Remembering Sister Anne Berchmans Taylor
“If you’re blue, little girl, if you’re blue … do something for somebody quick.”
Those words were spoken by Sister Jeanne Knoerle (RIP) in her commentary for Sister Anne Berchmans Taylor (RIP).
Sister Jeanne said Sister Anne Berchmans would say this to homesick freshmen when they arrived at Saint Mary-of-the-Woods College.
Sister Anne Berchmans was born Helen Anne Taylor in Fort Wayne in 1904. She entered the Congregation in 1922.
Sister Anne Berchmans graduated in 1930 from Saint Mary-of-the-Woods College with a bachelor’s degree in Latin. In 1945, she received a master’s degree in zoology.

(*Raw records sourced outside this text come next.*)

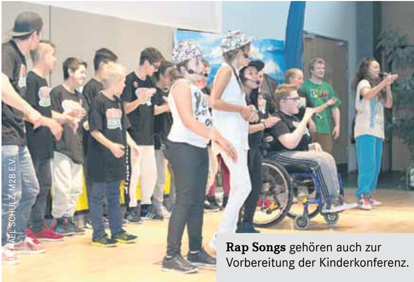
Rap Songs gehören auch zur Vorbereitung der Kinderkonferenz.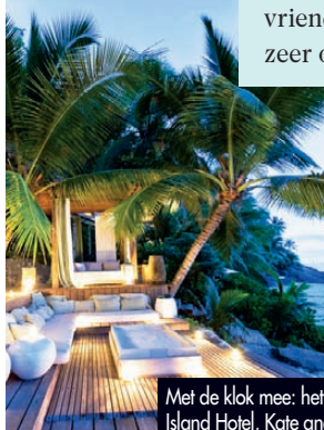
Met de klok mee: het North Island Hotel, Kate and William, het vijfsterren Lemuria Resort en Liz Hurley.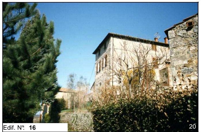
Edif. N° 16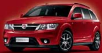
Charleston Red PRA

COULEURS MÉTALLISÉES / METAALKLEUR COULEUR TRIPLECOUCHE / DRIELAAGSE KLEUREN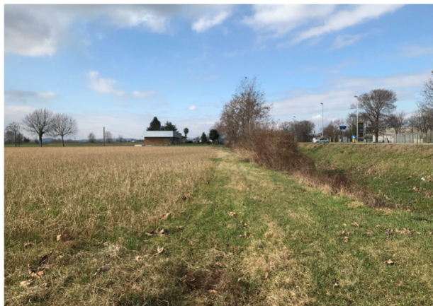
Foto3A – area agricola ad ovest via San Felice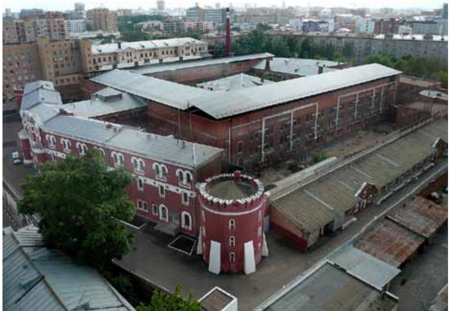
[11] Untersuchungshaftanstalt Nummer 2 „Butyrka“ in Moskau, in dem Magnitzki inhaftiert war.

nenne Dinge beim Namen, die im Westen eben nicht so gern gehört werden. Ein Freund Browders bin ich jetzt auf jeden Fall nicht mehr.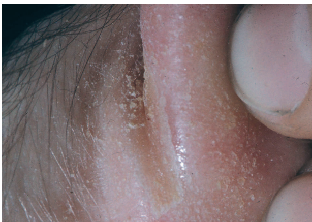
Obr. 5. DS retroauricularis.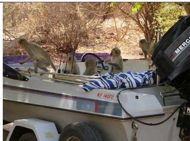
Bootsfahrt – mal anders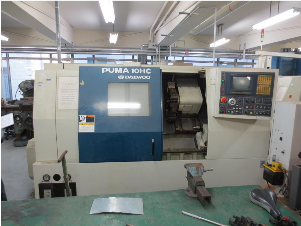
매각B 4)동관 기계공작실

Upon graduating, Sister Anne Berchmans began ministering as a teacher. For 10 years, she taught in schools in Chicago before teaching in Indianapolis. Sister Anne Berchmans returned to Chicago for one year before heading back to Indianapolis for another eight years.

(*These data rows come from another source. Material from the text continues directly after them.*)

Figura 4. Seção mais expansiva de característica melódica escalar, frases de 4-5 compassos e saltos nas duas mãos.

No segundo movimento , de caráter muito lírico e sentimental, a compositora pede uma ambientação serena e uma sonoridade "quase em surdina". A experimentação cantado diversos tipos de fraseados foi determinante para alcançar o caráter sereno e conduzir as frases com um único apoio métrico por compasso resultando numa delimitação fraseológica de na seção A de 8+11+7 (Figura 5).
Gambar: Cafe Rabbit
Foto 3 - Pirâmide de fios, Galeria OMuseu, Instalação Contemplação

In 1945, Sister Anne Berchmans began ministering at Saint Mary-of-the-Woods College, teaching biology. During her 21 years at the college, she also ministered as the freshmen advisor and the Dean of Freshmen. It has been said that students at the college affectionately referred to her as “Annie B.”
In 1966, Sister Anne Berchmans traveled to Washington, D.C., to begin ministering at Immaculata Preparatory School, staying there until 1974. While there, she also ministered as the Dean of Freshmen for one year.
In 1974, Sister Anne Berchmans returned to the Motherhouse and began a ministry in the sisters’ greenhouse before officially retiring in 1976.
Sister Anne Berchmans committed herself to the ministry of prayer in 1979.
Sister Anne Berchmans died in 1989. #throwbackthursday #tbt
Thanks, Jason, for sharing this beautiful piece about “Annie B”. She indeed was an anchor for every newly arriving freshman at SMW. And her admonition to “do something for somebody else” to overcome being blue has remained with most of us through the years and been passed on to new generations of alum children and others along the way. I hope others will share their memories of her as well because they certainly tumble forth among us whenever we gather for class reunions.
Along with my parents and sister I met Annie B. on a foggy, drizzly night in September 1950. We had just driven from Erie, Pennsylvania to SMWC for me to begin my freshman rear. A.Anne Berchmans met us with a wonderful welcome. She was the first Sister of Providence I had ever met. This was also our first introduction to the Woods. After saying a tearful goodbye to my family, I remember Annie B’s kindness in helping me get settled. That evening was the beginning of a very special relationship. I quickly fell in love with everything about the Woods – professors, classmates, classes, and the overwhelming beauty in which I found myself. That year I got to know Annie B. and shared with her my
interest in religious life, which at that time trended toward the Sisters
of St. Joseph who had taught me for 12 years at Villa Maria’s girls’ school in Erie. During the summer following my freshman year my mother was diagnosed with cancer with surgery scheduled in September. I withdraw from the Woods and found myself a sophomore at Villa Maria College. On my parents’ 20th wedding anniversary on September 14 surgeons attempted surgery but found my mother’s cancer was inoperable. She lived until December 14. The funeral was in Evansville, Indiana, original home to my parents with the transfer of my father to Erie during the depression. I finished the year at the Villa but returned to the Woods for my junior year. On my class schedule was biology with Annie B. By the end of the year I told Annie B. that I wanted to become a Sister of Providence. She helped me along the way and arranged for me to meet Mother Marie Helene in the fall of my senior year. I graduated in June and entered the Congregation on July 22, 1954. And from then on that special relationship continued to grow.
S. Carolyn, I hope S. Anne Berchmans’ love and guidance provided the mothering you needed when your mother died when you were only 15. My own mother died at the age of 91 six years ago. I was 64. Soon thereafter, a needed mother figure appeared in S. Suzanne Zuercher, a Chicago Benedictine from St. Scholastica on Ridge Rd. For three and a half years we met once a week in her little office on the second floor of the old brick laundry out near the monastery gardens and talked about the things a mother and daughter share. Whereas my mother was subtle, Suzanne was direct. I liked that. Like my Irish grandmother, I think of Suzanne, “in her tender old-age, serving me, in need.” Suzanne died rather suddenly in 2014 in her early 80’s. She authored important books on the Enneagram and Thomas Merton.